Radio Ergo 16 March, 2017 LAASCAANOOD


(ERGO) - Farah Saed Ali, 50, has worked for 26 years as a blacksmith, making tools, metal water troughs, shoes and other items for the pastoralist community around the northern Somali town of Lasanod.  This year, the biting drought in this part of Somalia's Sool region has brought his business to a standstill.

For the past three months, Farah has barely sold a single hoe or axe. He goes every morning to his workplace opposite Lasanod livestock market, but as there are hardly any animals being brought to market for sale any more he rarely finds a customer.

“It is the first time in my life that I have felt the effects of a drought this much,” Farah told Radio Ergo.  “Forget about the pastoralist buying tools from us. People are fund raising for them, and those of them who have any livestock remaining have fled to places that have received rain.”

Farah, who is disabled and has six children, has incurred huge debts for rent, food and school fees. The other day he earned less than $5 for making knives for two customers, but most days he has been going home empty handed.

He used to have around 20 customers a day and took home at least $20.  After food supplies, tools are normally the second item on pastoralists’ shopping lists when they come into town.

His children are down from three meals to one meal a day in the evening.
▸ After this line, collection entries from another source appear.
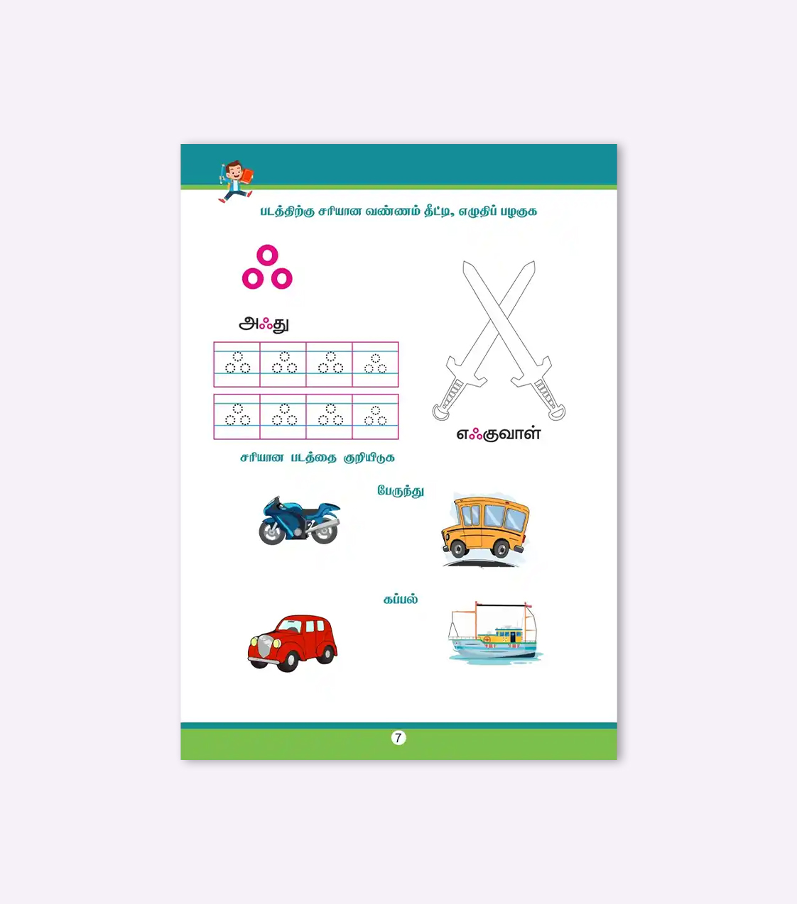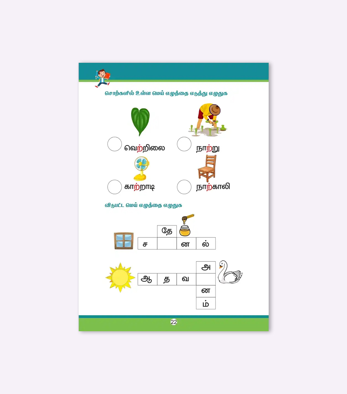 Our Tamil Book I & II (Age 4–5 yrs) and Tamil Payirchi I & II (Age 5–6 yrs) help little learners connect with their roots while building strong reading and writing skills in their mother tongue. For those starting Hindi, our Hindi Lesson Book Varnamala and Hindi Worksheet (Age 5–6 yrs) make learning the language fun, interactive, and easy to grasp. These books not only promote communication but also instill cultural pride and confidence in young learners.
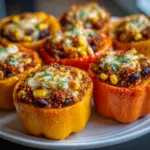Picture this: vibrant orange bell peppers, their glossy skin glistening under the kitchen lights, carved into playful jack-o’-lanterns, each one brimming with a colorful, savory filling that promises a delightful explosion of flavor. As you slice into the peppers, the sweet aroma wafts through the air, mingling with the earthy notes of cumin and the smoky essence of paprika. It’s a feast for the senses that beckons you to take a bite.
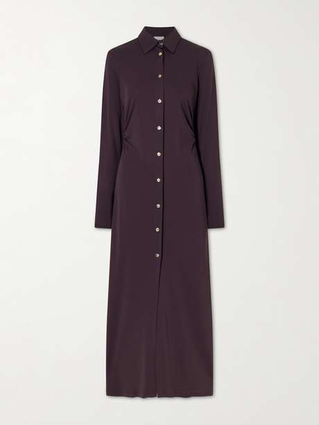 Violante Nessi's 'Deanna' dress is crafted from fluid jersey that drapes effortlessly over the frame. Designed with a sharp collar and plunging buttoned neckline traced with gold-plated buttons, it’s finished with a front slit for movement.
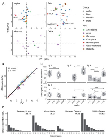 Variation in synonymous codon usage in Coronavirinae. (A) Principal component analysis of synonymous codon usage among CoVs. Each dot corresponds to an individual CoV, for which the frequencies of the 59 synonymous codons have been calculated. CoVs are stratified after the corresponding genera (Alpha-Delta), and host (color code in the inset). The percentage of the variance explained by the first and second axes is given in parenthesis. (B) Correlation between the projection on the first of principal components shown in (A) and the average GC-content at third codon position (GC3) for the corresponding viral genome. Symbols and color code are the same as in (A). The results for a Pearson’s correlation test are shown in the inset. (C) Synonymous codon usage frequency stratified by amino acids of multiplicity 2, 4, or 6 synonymous codons. Differences in median codon usage frequency values were assessed by a paired Wilcoxon signed rank test (code for p-value: * <0.05; ** <0.01; *** <0.001). (D) Results of an internal correspondence analysis for the contribution of the levels “viral taxonomy” (four levels, corresponding to viral genera) and “host taxonomy” (fourteen levels, corresponding to host orders) to explain variability among the eigenvalues of viral genomes on the first 10 principal components in the PCA shown in (A). The values for expected explanatory power for a homogeneous distribution were and 3.72% (p-value < 9 × 10−4) for viral taxonomy and 7.59% (p-value < 9 × 10−4) for host taxonomy.
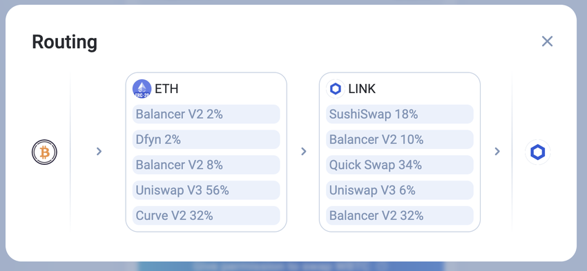 Das ist vor allem dann der Fall, wenn die Kryptowährung, die du tauschen willst, nicht zu den beliebtesten Assets gehört. Wenn du zum Beispiel wBTC in LINK umtauschen willst, könnte der beste Weg sein wBTC in ETH und dann in LINK zu tauschen. Insbesondere dann, wenn es keine Börse gibt, deren Liquiditätspools diese beiden Assets anbieten.
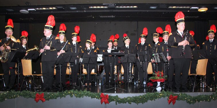 Den Abschluss des Konzertes machten dann wieder die „Großen“ – mit noch sieben Titeln, die nicht mehr in der sonst ausführlichen, abgedruckten Moderation des Programmheftes auftauchen, aber noch einmal einen instruktiven Einblick in das Können der Bergknappen gaben. Von „Advents Fantasie“ über „Merry Christmas Everyone“ bis hin zu „Sweets Bells Fantasie. Und als Abschluss präsentierten die Bergknappen noch einmal den Bergmannsgruß mit ihren feschen Federbuschen, ehe das Publikum restlos begeistert den Heimweg antrat.
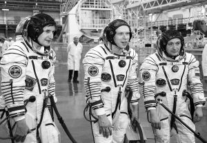美籍匈牙利裔亿万富翁、软件开发师查尔斯·希莫尼(左),近日与两名俄罗斯宇航员在哈萨克斯坦的拜科努尔卫星发射基地接受训练。按照计划,希莫尼将乘坐“联盟TMA-10”宇宙飞船从拜科努尔发射场升空,成为第5位太空游客。 新华社/法新
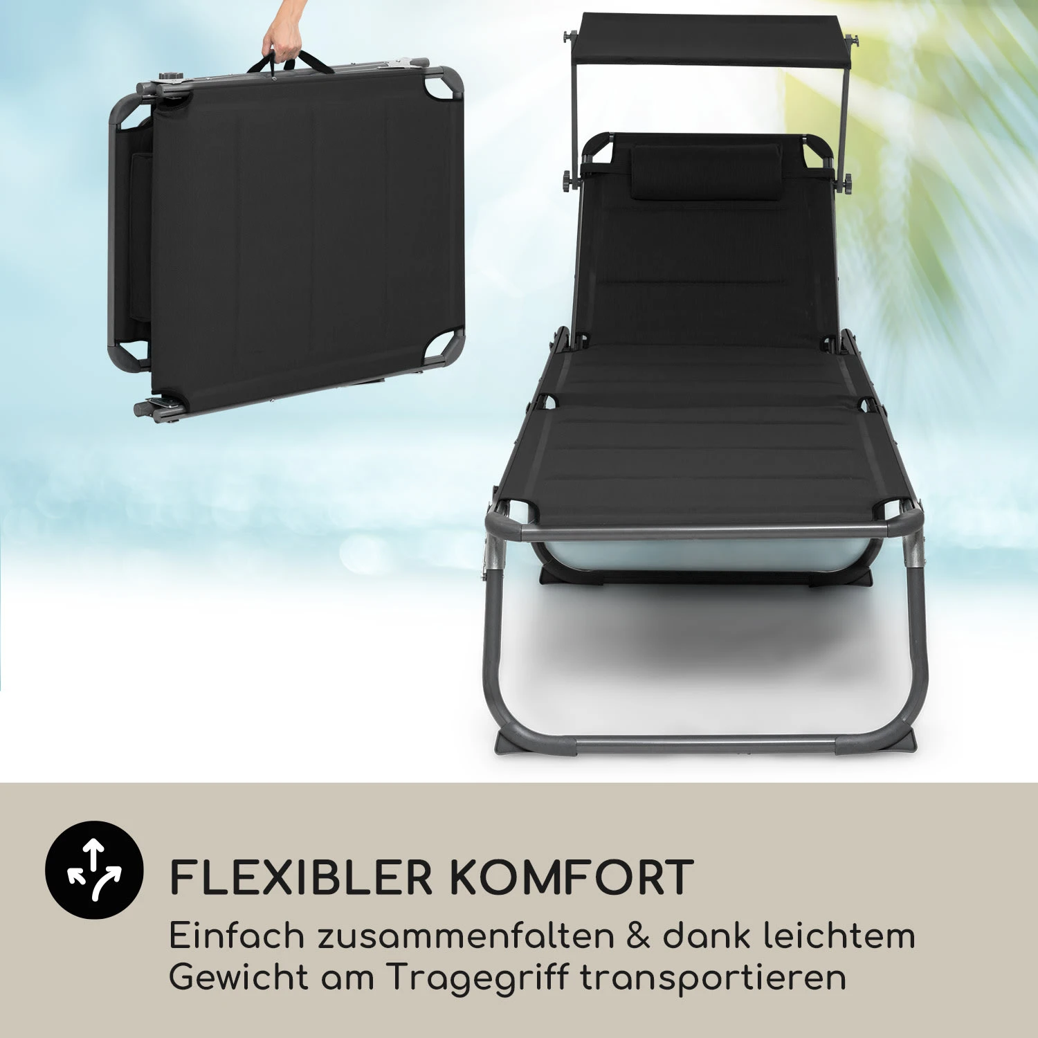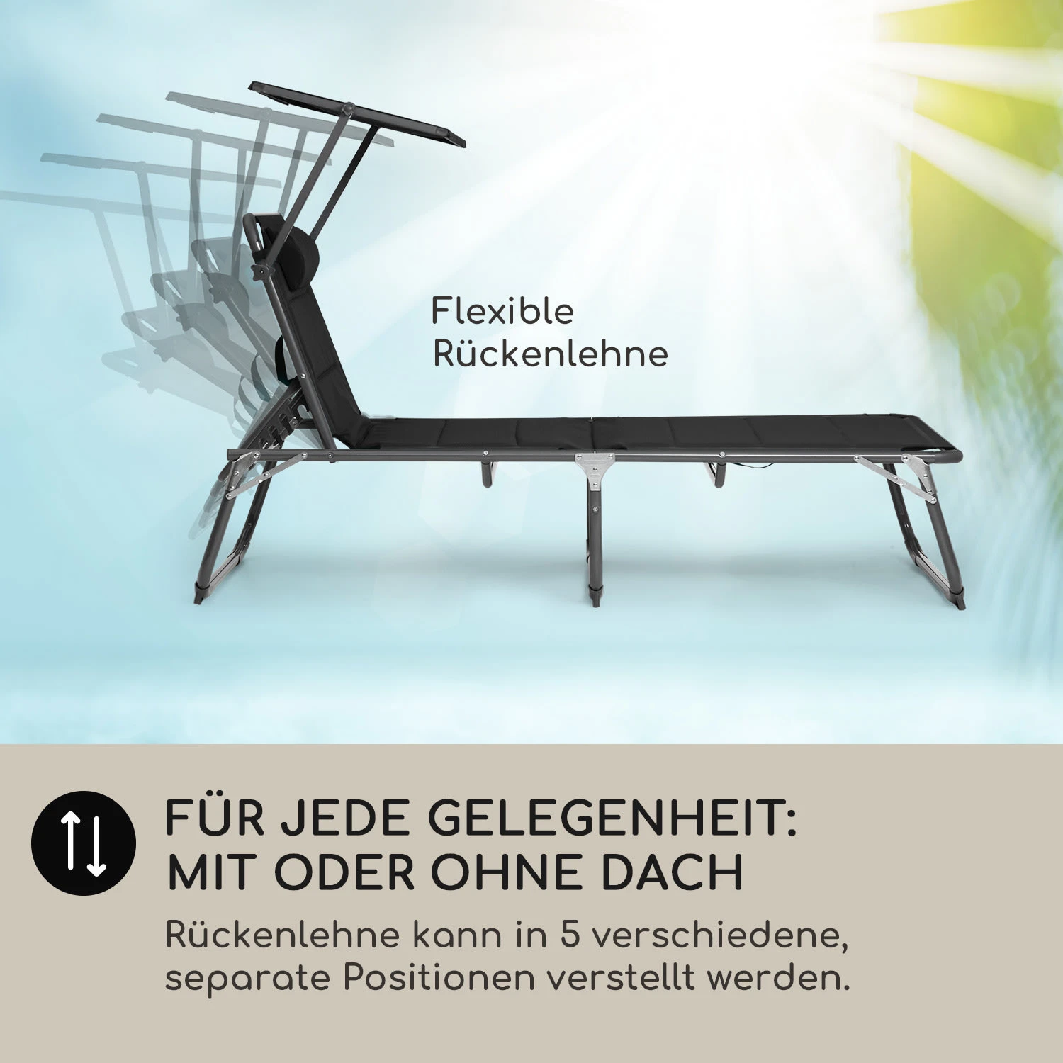 Verschafft dir einen bequemen Platz an der Sonne: Die blumfeldt Amalfi Sonnenliege mit gepolsterter Liegefläche, verstellbarer Sonnenblende und 5-stufiger Rückenlehne.

Farah says he is feeling a sense of hopelessness.

“I owe the shop where I borrowed food for the family for three months $210. I have not paid the house rent for two months and owe $200. I owe the school my three children attend $108. I am afraid my children may get chased away from school or my family evicted from the house,” he said.

Farah can only imagine settling his debts if he gets work once the drought is over, rain falls, and pastoralists bring their livestock back to the market to sell.
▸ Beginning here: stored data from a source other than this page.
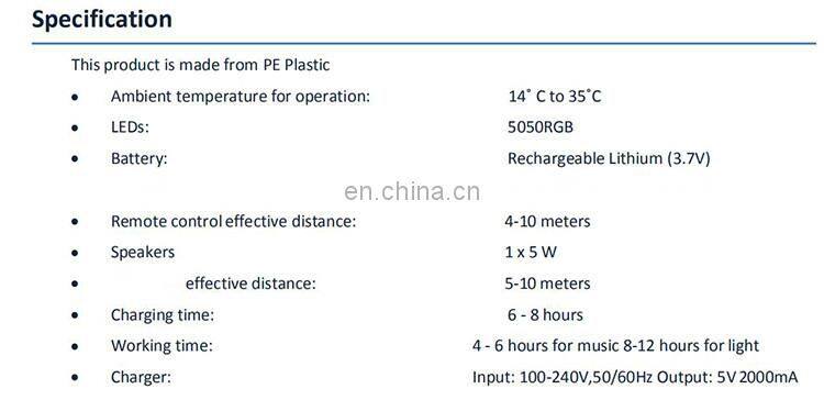 4).Working hrs:8-15hrs for light color change / 4-6hrs for music
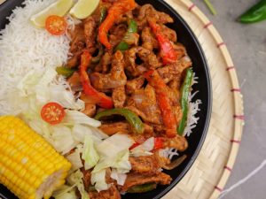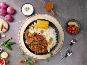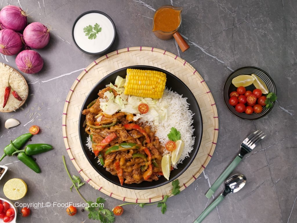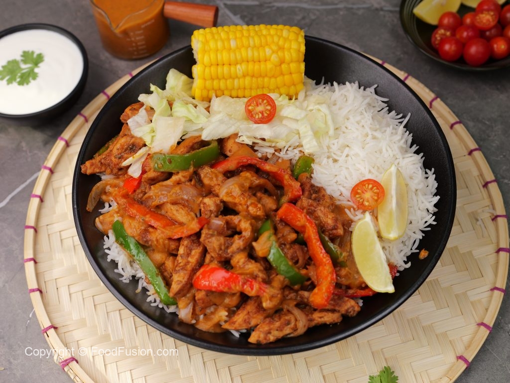-Serving bowl mein boiled rice,tayyar fajita chicken,tayyar tomato sauce,iceberg,corn cob,lemon wedges & cherry tomato ka saath serve karein!
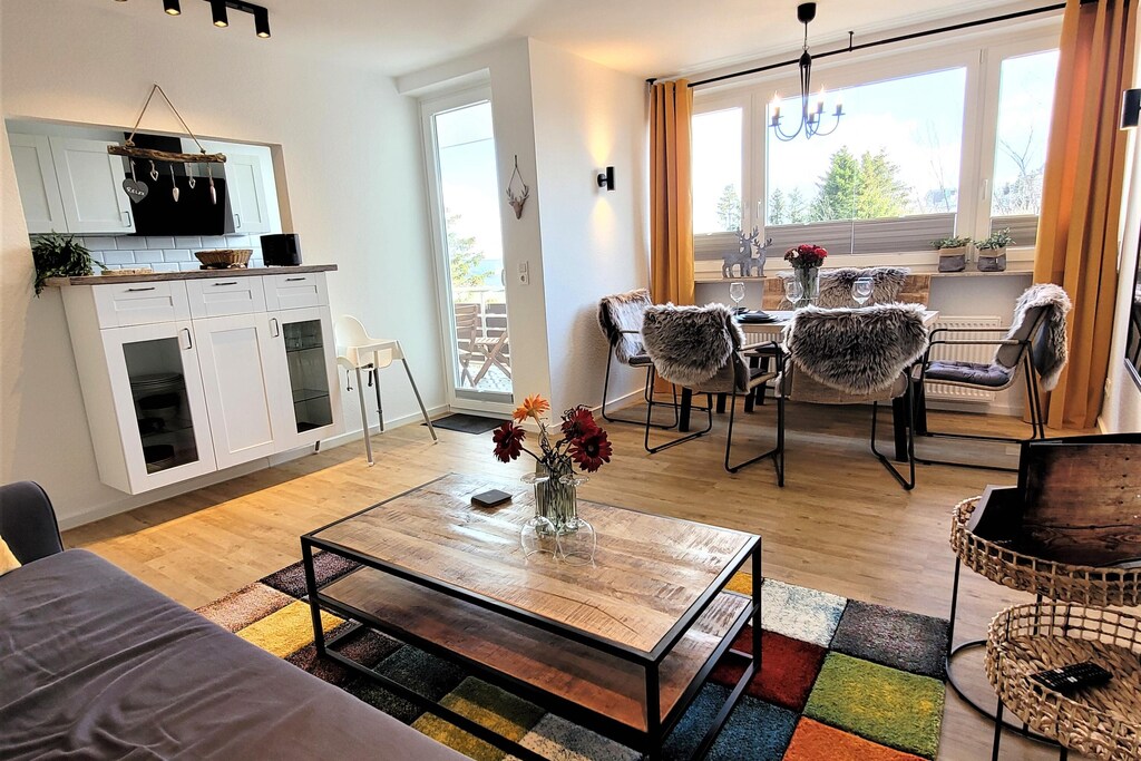 Het sfeervolle en zeer comfortabele appartement Winterberg biedt circa 55 m² woonoppervlakte en bestaat uit een hal, een badkamer met douche/toilet/wastafel, een moderne keuken met vaatwasser, inductiekookplaat, oven, etc., een slaapkamer met een tweepersoonsbed en een stapelbed, en een ruime woon-/eetkamer.

About 100 metalworkers in Lasanod have been affected by the drought in similar ways to Farah. These workers are among the poorest people in the town and they cannot help each other as they do not have any savings.

Other families across Somalia who depend on the pastoralists for their own livelihoods have also felt the impact of the drought. These include the women who sell meat and milk. There are few strong animals available for slaughter and virtually no milk is being produced.